Flawless (Chestnut Springs Book 1)
Flawless: Chapter 30

Kip: I hope you’re not dead, but only because my daughter is distraught over you right now, and if you’re dead, I can’t kick your ass for hurting her.

Red lights flash and project around the bay where the ambulance pulls up to the hospital. I’ve shooed the paramedics away at every turn. My ribs are fucked. I don’t need a medical professional to tell me that.

Theo has been in and out of consciousness because he’s too fucking stupid to wear a helmet, and I’m not leaving his side.

They pull the back doors open and lift Theo’s stretcher. He’s strapped down on a hard board. Something I’m hoping is just a precaution, considering he can easily move his feet. He was awake for long enough they were able to get him to do that much.

I follow, ignoring the lancing pain in my back and feeling every year of my age about a hundred times over. It doesn’t help that I didn’t sleep a wink last night.

When I closed my eyes, all I saw was Summer. Her perfect lips. Her deep brown eyes shrink-wrapped in tears.

Fucking haunting.

But right now, I just need to know that Theo is okay. I follow into the emergency room, ignoring the skeptical glances one paramedic gives me. She knows I’m lying to them about my injury.
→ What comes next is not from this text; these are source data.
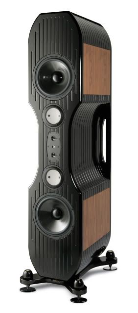 中音单体是七寸的陶瓷振膜中音,与高音单体相同都来自Thiel and Partners公司的Accuton系列,这系列产品大概也是当今能够用钱买到最佳的单体。Kharma的喇列单体,也算是这方面的先驱者之一。低音单体则是十三寸的Eton Nomex—Kevlar振膜单体,这种陶瓷中音与Eton低音单体的搭配是美国Hi End喇叭名厂Avalon的最爱之一,而Grand Exquisite每声道更使用两个中音与两个低音单体作上下对称的排列,可说完全模拟点音源的工作方式,也难怪这对喇叭高度要超过两百公分了。
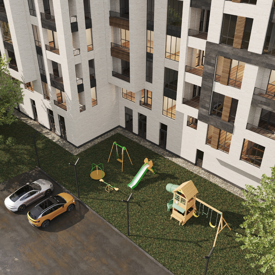 Ունի պատշգամբ, Ունի խաղահրապարակ, Ունի կայանատեղի, Ունի այգի, Մոտակայքում գտնվող դպրոց, Մոտակայքում գտնվող մանկապարտեզՔաղաքային այգի, բակային տարածք։
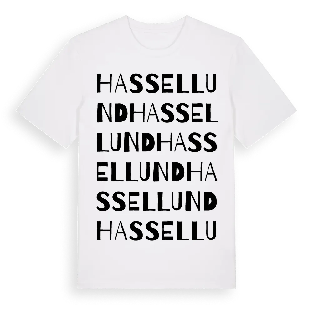 Hassellund ordlek t-shirt är inspirerad av Hassellund i Stockholms län, Sverige. Tröjan är designad för dig som har en speciell koppling till platsen – oavsett om du bor här, har rötterna här eller bara älskar Hassellund.
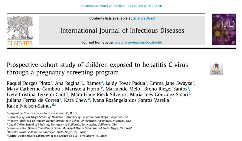 Recentemente, a revista "International Journal of Infectious Diseases", da Sociedade Internacional de Doenças Infecciosas, publicou a pesquisa “Estudo de coorte prospectivo de crianças expostas ao vírus da Hepatite C mediante o rastreamento em gestantes”, realizada por médicos do Grupo Hospitalar Conceição (GHC).
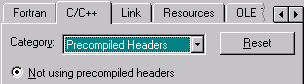 Like a lot of compilers, MSVC gives you the option of precompiling the headers, and it does this by default. The headers for a project tend not to change as often as the C sources, so in theory this can save a small amount of time, especially when you're including the Win32 headers and compiling on a slow machine. But the .pch files MSVC creates can be surprisingly large, over a megabyte for the Win32 headers, and these are created redundantly for each project. And they don't really save that much time. So I always turn this option off. I also turn off incremental linking, mostly for similar reasons, but also to avoid the small chance that it will introduce errors by failing to rebuild code affected by changes elsewhere in the project.
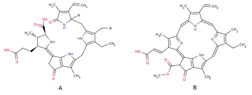 Структура этих люциферинов (A) содержит четыре пиррольных ядра и очень близка к структуре хлорофилла C1 (B), однако, в отличие от хлорофиллов тетрапиррольные люциферины незамкнуты; люциферин эфваузид представляет собой гидроксипроизводное люциферина динофлагеллят[12].
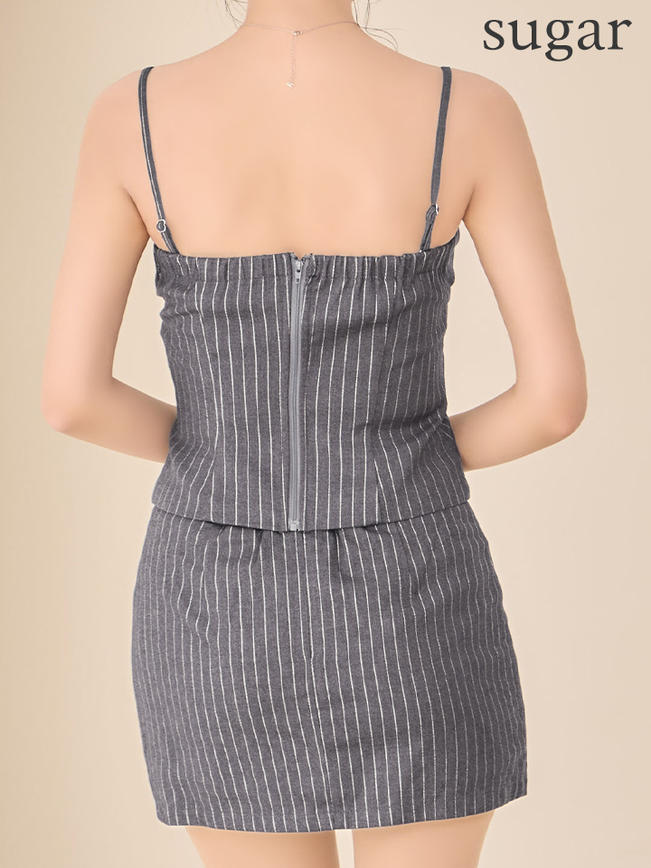 襟×ストライプがスタイリッシュなセットアップドレス♡
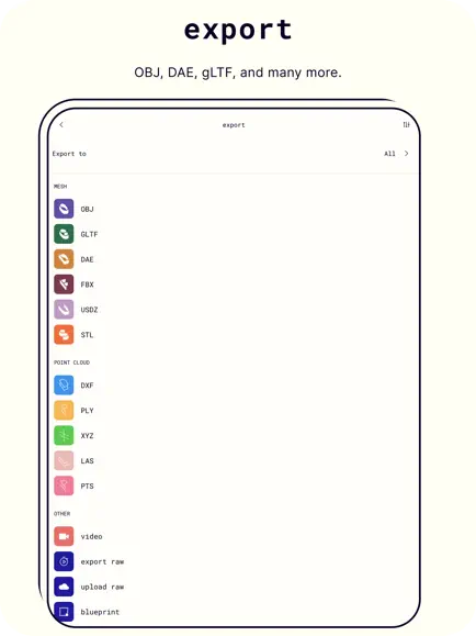 메시 데이터(obj, dae, fbx, stl), 색상 포인트 클라우드 데이터(dxf, ply, las, xyz, pts), 기타(png, dae)
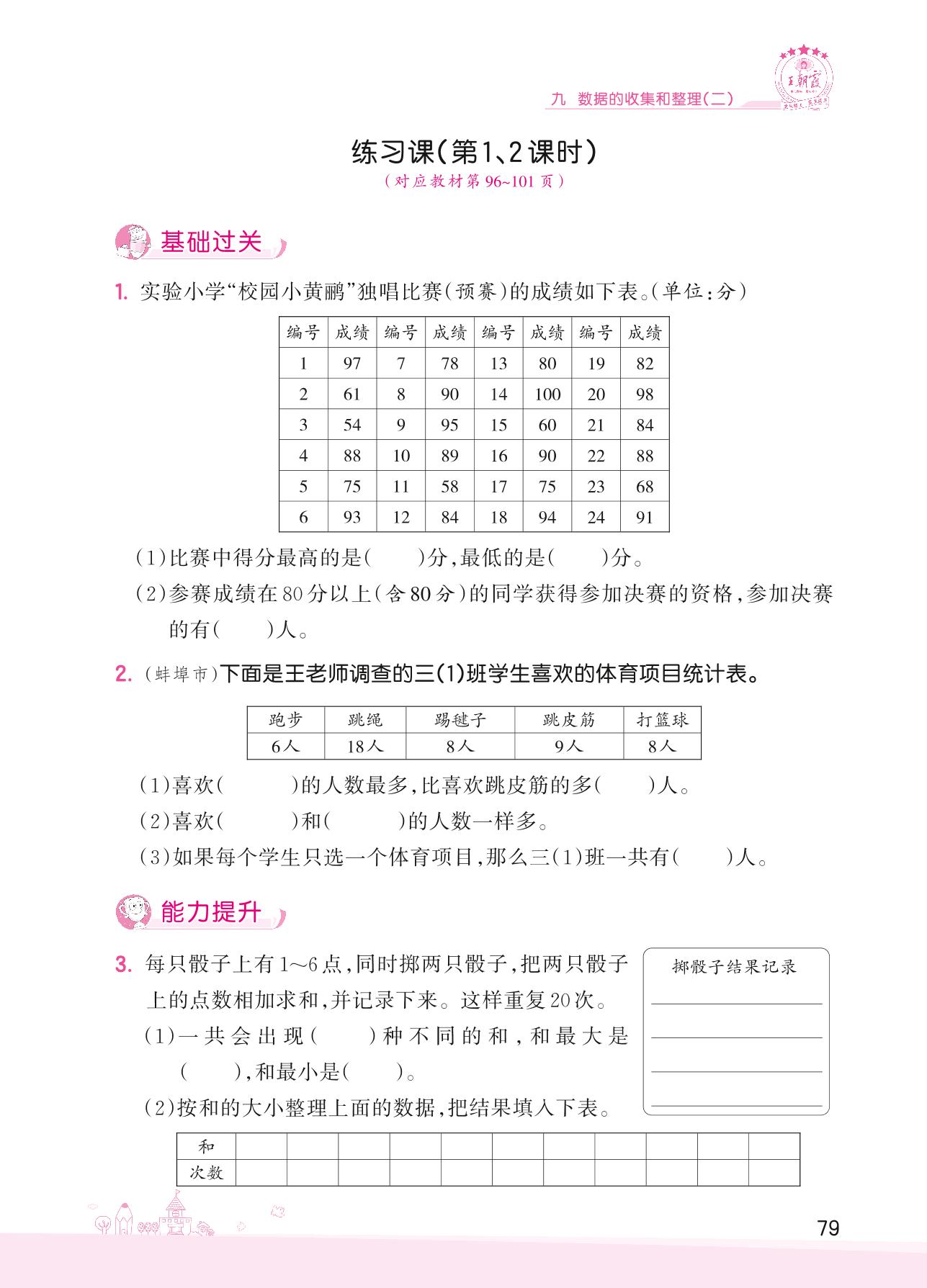 2022下册三年级数学苏教版 九 数据的收集和整理(二)——练习课(第1、2课时)
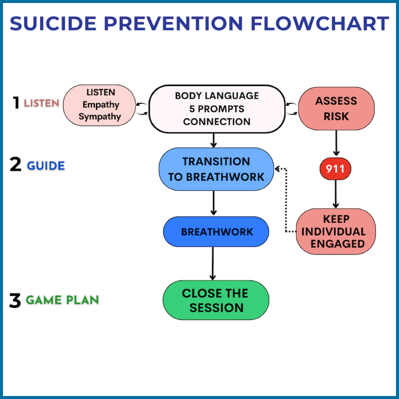 This is a compassionate human approach to suicide intervention and prevention. Many things set this program apart. To mention a few: (1) Body Language Techniques to disengage defense mechanisms to help people feel safe enough to be vulnerable to share their deepest pains, (2) Real-Time Practitioner Self-Care that is done clandestinely while you conduct your session which prevents you from absorbing any of your clients emotion, (3) 5 Prompts that quickly surface the core issue fueling your clients ideation, (4) Breathwork to release deep emotional pain from the body, and (5) The community-bond are just some of the things that set this program apart.
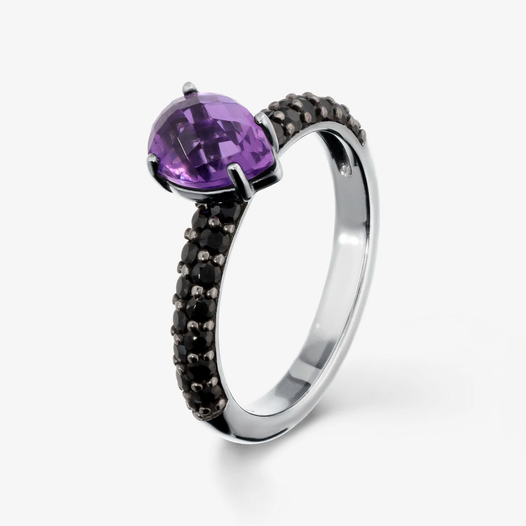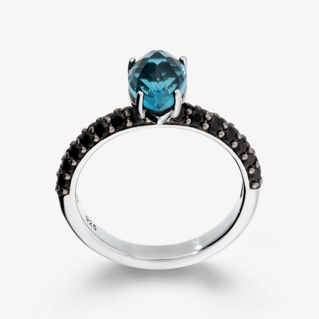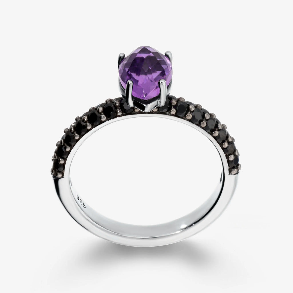 Anello solitario Albert M. realizzato in Argento 925 con pavé di spinelli neri e pietra centrale a forma di goccia.
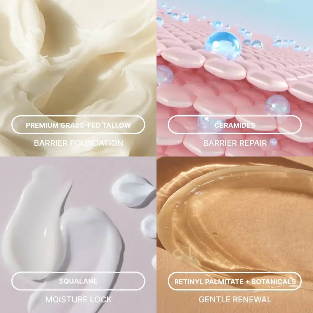 I learned tallow is almost identical to the oils your skin naturally produces. So instead of just slapping moisture on top (which is what most moisturizers do), this one actually repairs your skin barrier so it can hold onto hydration again.
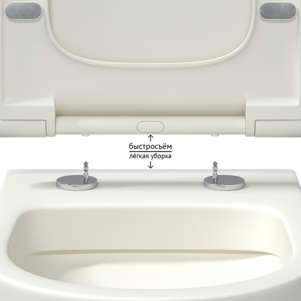 Быстросъемное сидение также является важным элементом унитаза BERGES. Это удобное решение позволяет легко снимать сидение для уборки или замены. Благодаря этому, поддерживать гигиену в ванной комнате становится еще проще и удобнее.

Plus, I made a huge scene about going with Theo, so I’m probably not in their good books.

I’ll get a tour doctor to check me out later.

“You.” She points at me. “Sit there.” She points at the plastic chair just inside the door as they wheel Theo through, and this time, I listen.

I gasp when I bend to sit, dropping my head into my hands and breathing shallow, hoping the pain will subside if I don’t move.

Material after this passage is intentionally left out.